Lu Yue-Hui, Wang Bao-Zong, Liu Xiong-Jun
International Center for Quantum Materials and School of Physics, Peking University, Beijing 100871, China; Collaborative Innovation Center of Quantum Matter, Beijing 100871, China.
Shanghai Branch, National Laboratory for Physical Sciences at Microscale and Department of Modern Physics, University of Science and Technology of China, Shanghai 201315, China; International Center for Quantum Materials and School of Physics, Peking University, Beijing 100871, China.
Sci Bull (Beijing). 2020 Dec 30;65(24):2080-2085. doi: 10.1016/j.scib.2020.09.036. Epub 2020 Oct 1.
There is an immense effort in search for various types of Weyl semimetals, of which the most fundamental phase consists of the minimal number of i.e. two Weyl points, but is hard to engineer in solids.
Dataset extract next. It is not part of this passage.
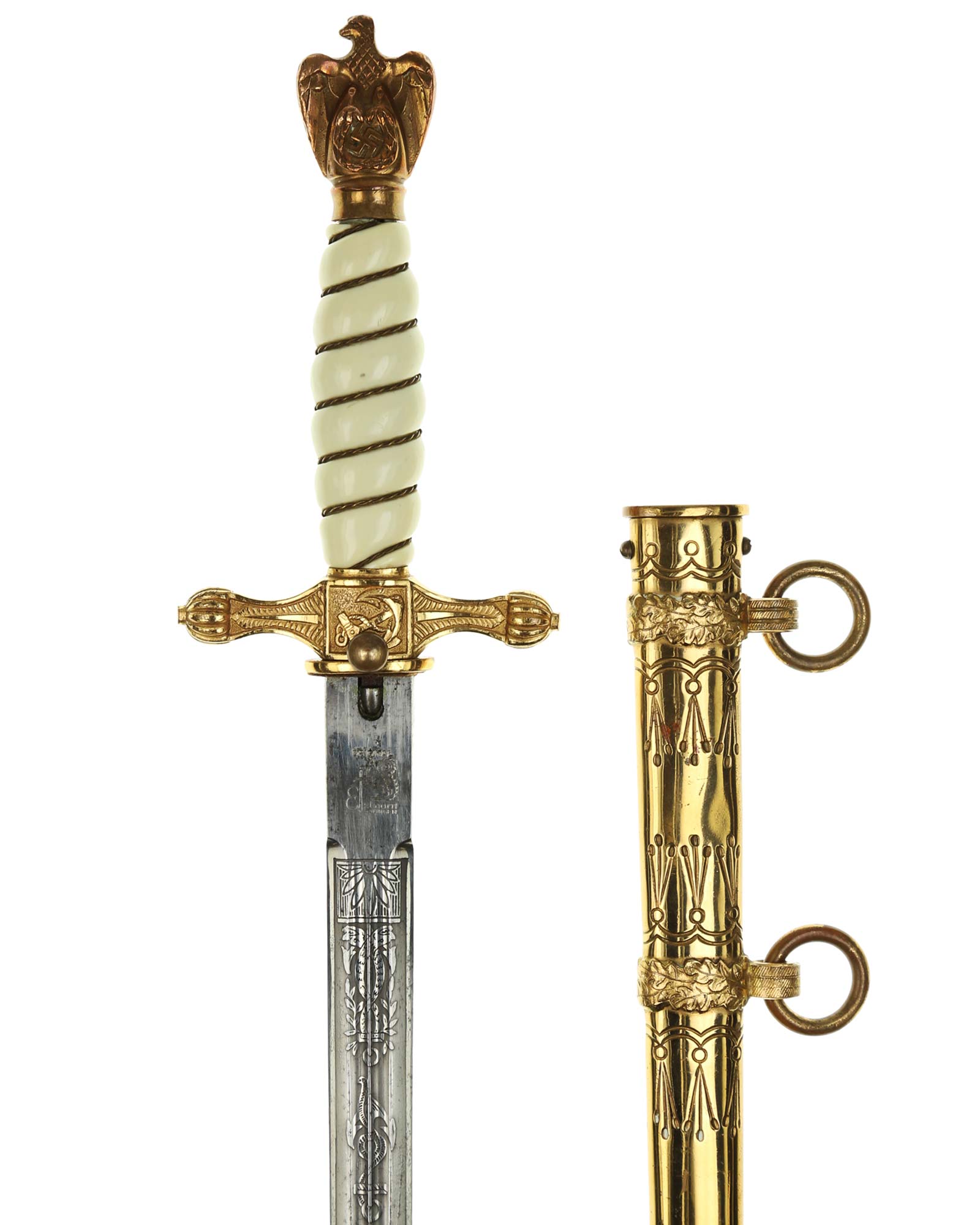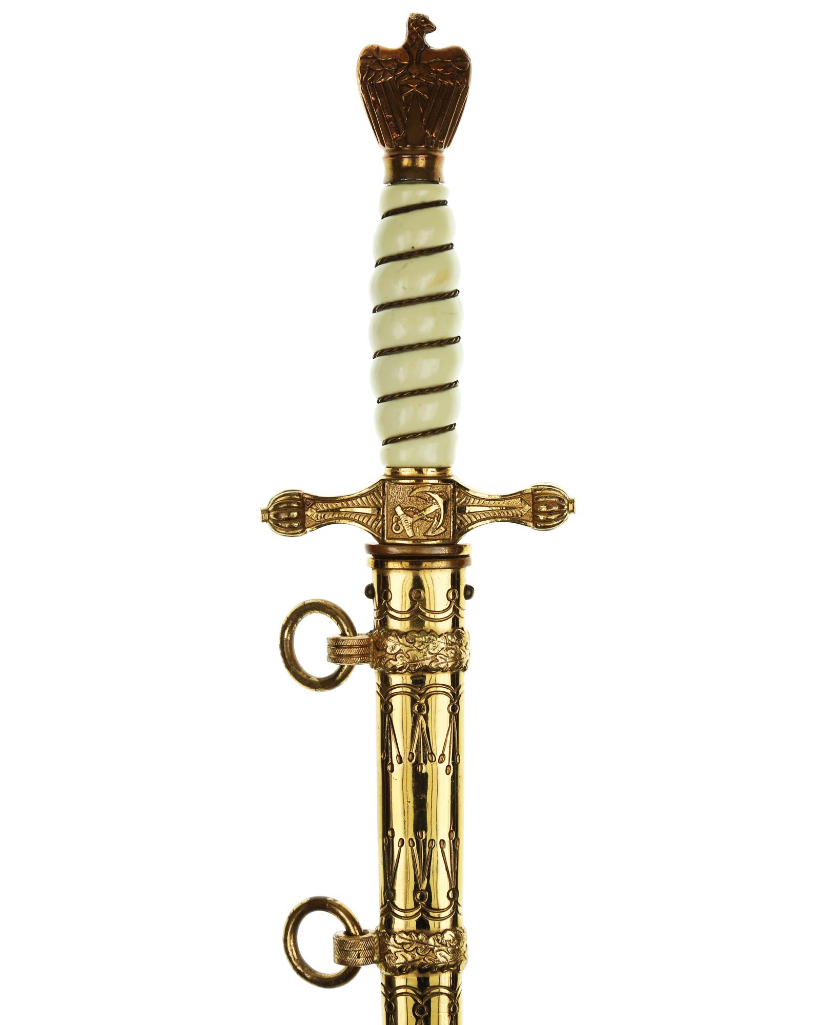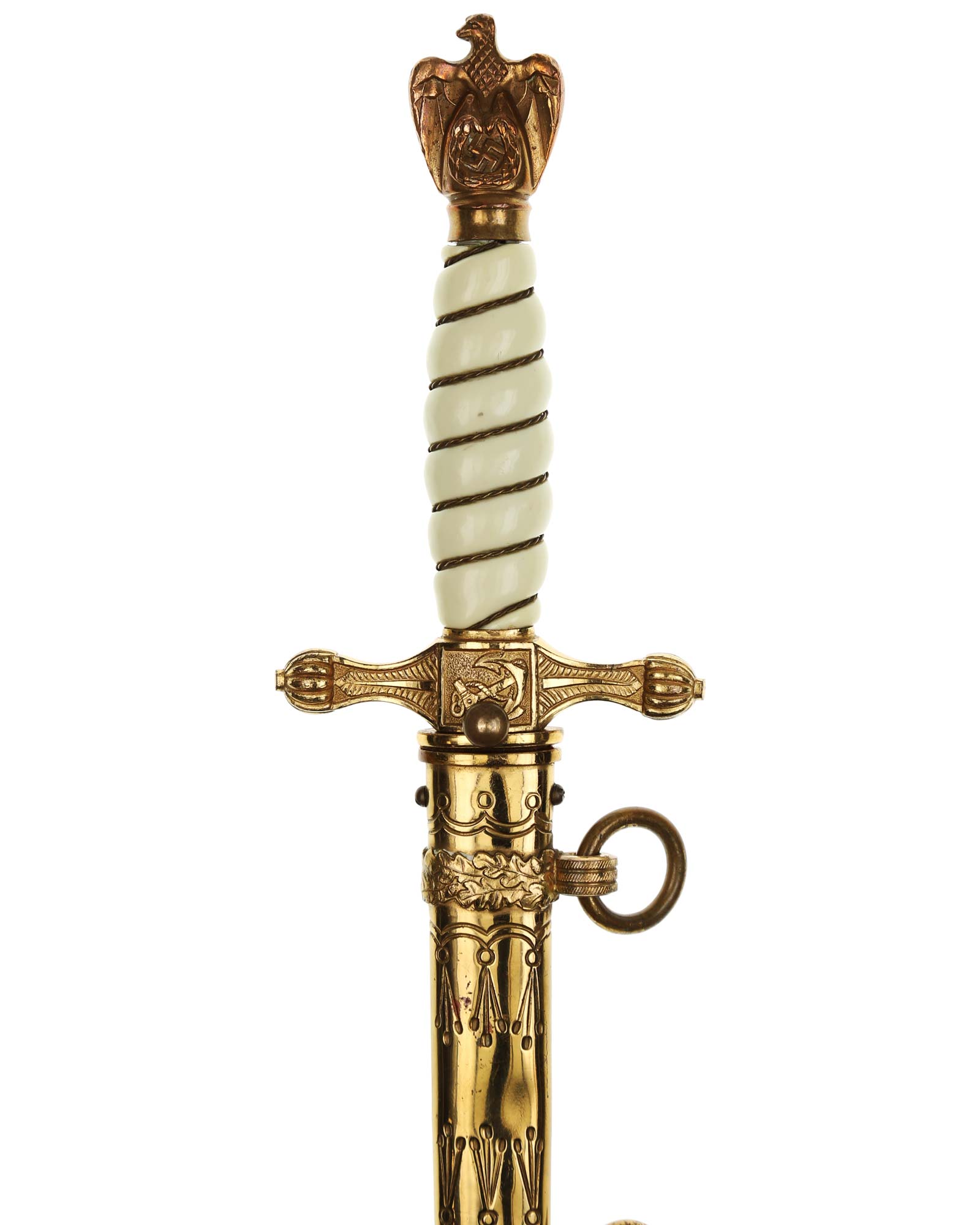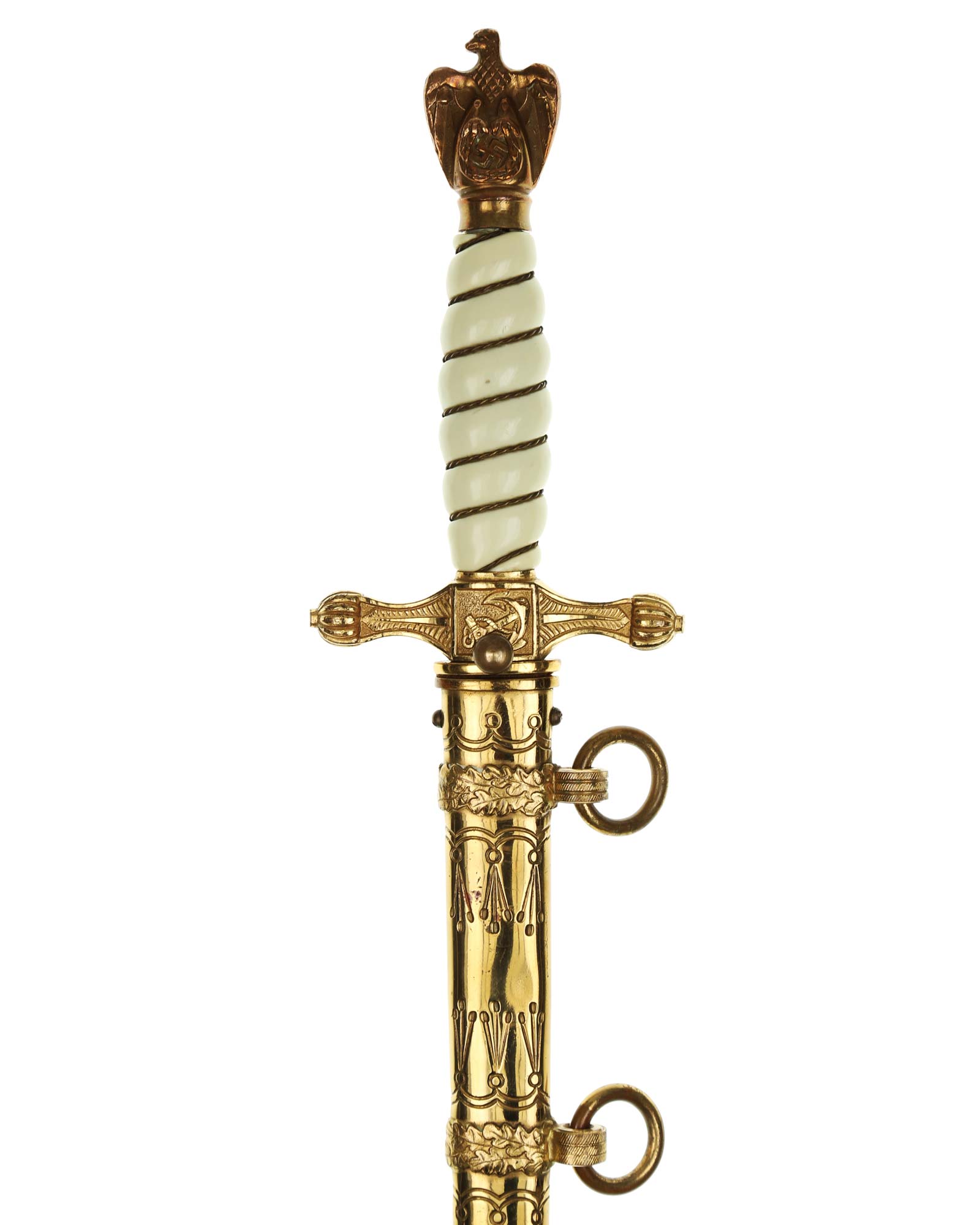 Griff: Heller Griff, verläuft leicht oval. Der Griff ist mit einem Doppeldraht gewickelt. Die Parierstange und der Knauf sind aus Buntmetall gefertigt und vergoldet worden. Unterhalb der Parierstange befindet sich das Stoßleder. Der Knauf ist in Form eines Adlers, der mit seinen Krallen das Hakenkreuz in einem Kranz festhält.

Here we demonstrate how such fundamental Weyl semimetal can be realized in a maneuverable optical Raman lattice, with which the three-dimensional (3D) spin-orbit (SO) coupling is synthesised for ultracold atoms. In addition, a new novel Weyl phase with coexisting Weyl nodal points and nodal ring is also predicted here, and is shown to be protected by nontrivial linking numbers. We further propose feasible techniques to precisely resolve 3D Weyl band topology through 2D equilibrium and dynamical measurements. This work leads to the first realization of the most fundamental Weyl semimetal band and the 3D SO coupling for ultracold quantum gases, which are respectively the significant issues in the condensed matter and ultracold atom physics.
人们正在付出巨大努力寻找各种类型的外尔半金属,其中最基本的相由最少数量(即两个)的外尔点组成,但在固体中很难实现。在此,我们展示了如何在一个可操控的光学拉曼晶格中实现这种基本的外尔半金属,利用该晶格为超冷原子合成三维(3D)自旋轨道(SO)耦合。此外,本文还预测了一种同时存在外尔节点和节点环的新型外尔相,并表明其受非平凡环绕数保护。我们进一步提出了可行的技术,通过二维平衡和动力学测量精确解析3D外尔能带拓扑结构。这项工作首次实现了最基本的外尔半金属能带以及超冷量子气体的3D SO耦合,这分别是凝聚态物理和超冷原子物理中的重要问题。